Methodologically, the studies included in the review were of reasonable quality. While the earliest review of self-compassion-related therapies concluded that treatment effectiveness was difficult to evaluate given methodological weaknesses in the field (Leaviss and Uttley 2015), we can be more confident in the quality of the RCTs reviewed here, although there was a particular risk of performance bias across the studies. It is unlikely that participants would expect as much improvement or found the condition as credible if they were in the control compared to the treatment group in many of the studies. This comes down to an absence of an active control condition in much research, and even where there was an active control condition, it was not always clear if it was well matched to the intervention condition in terms of social contact.
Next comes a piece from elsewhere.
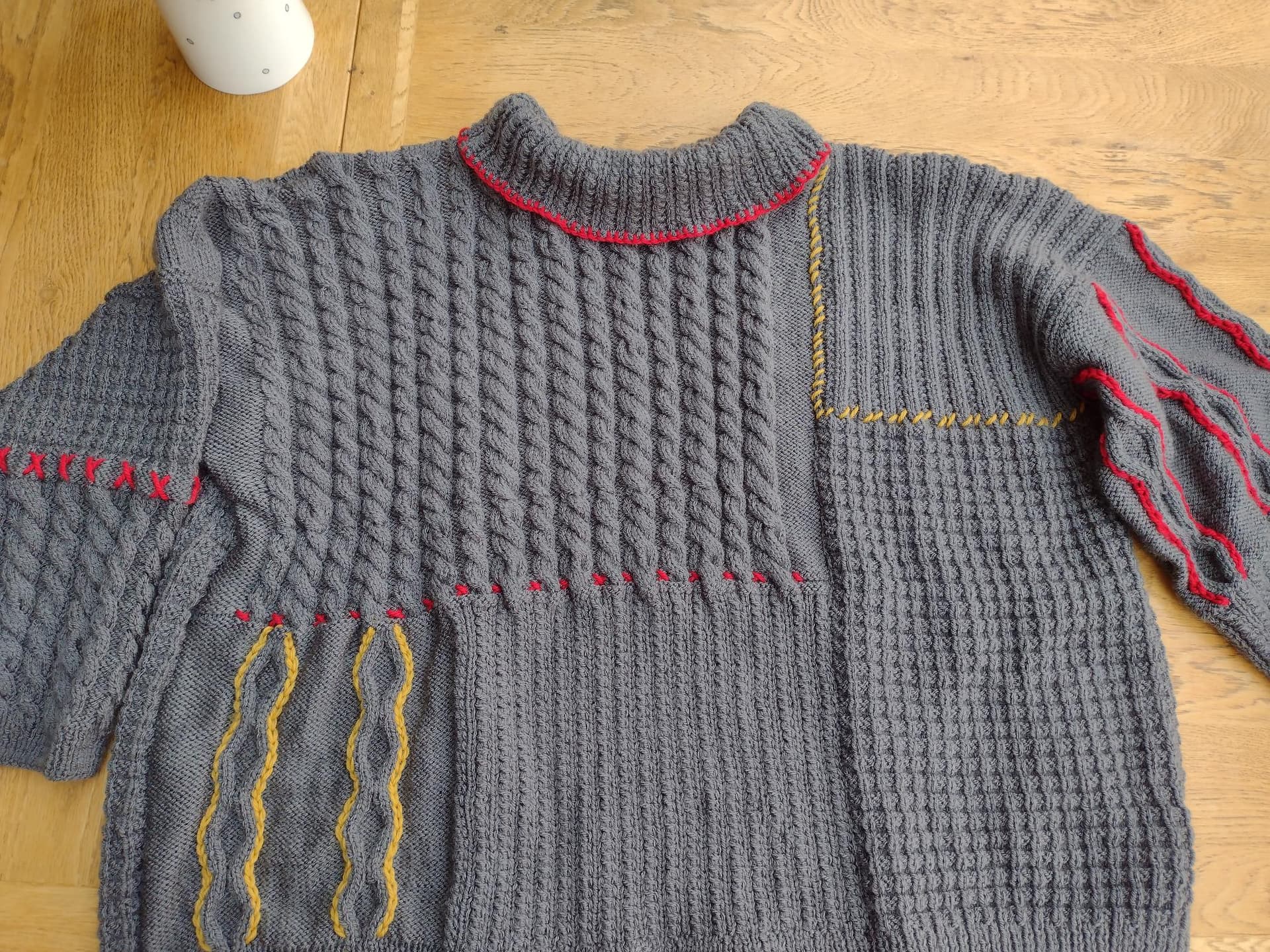 Interested and delighted. Your sweater is so nicely done, beautiful knitting and embroidery. Enjoy wearing it!

It is important that conditions are matched on social contact in order to control for the significant impact of common factors in psychotherapy (Wampold 2015). The most rigorous test would involve comparing self-compassion-related therapies to gold-standard treatments, like CBT. This would involve evaluating the relative impact on primary mental health outcomes, as well as characterising the role of self-compassion in the therapeutic process. While this research is needed, it is worth noting that many studies included in this review did offer a reasonably high level of comparison, with treatment as usual sometimes including a high level of ongoing psychotherapy and/or pharmacotherapy. A further limitation was that some studies suffered from quite substantial attrition, often without making any rigorous analysis of any differences between dropouts and completers. Intention-to-treat analyses were not carried out consistently, although favouring per-protocol analyses is understandable given the sometimes low sample sizes and the fledgling status of compassion-related therapies. Longer follow-up periods would also be advisable, given that boosting self-compassion is likely to be a useful approach for buffering against relapsing mental disorders; this can only be assessed if medium-term follow-up is conducted.

In conclusion, this meta-analysis found that self-compassion-related interventions had moderate effects on self-compassion, depression and anxiety outcomes across 22 RCTs. However, when limiting analysis to comparisons between self-compassion-related interventions and active control condition, there were no significant differences in outcome. This suggests that self-compassion-related interventions lacked a specific effect when compared to other active treatments. There was no evidence that effects differed between clinical and subclinical populations, nor between therapies with an explicit or implicit aim to boost self-compassion. In the analysis of the subscales of the SCS, there was some variability in how modifiable subscales were, with negative subscales appearing to be more amenable to therapeutic change, supporting the view that collapsing the subscales into one total may risk losing clinically relevant information. Synthesis of research findings indicated that changes in self-compassion were related to changes in psychopathology, although there was no evidence that this relationship was specific to self-compassion-related interventions. Overall, this review provides good evidence that levels of self-compassion can be modified in third-wave self-compassion-related therapies, but does not indicate that these therapies are any better in promoting self-compassion than other active psychological treatments.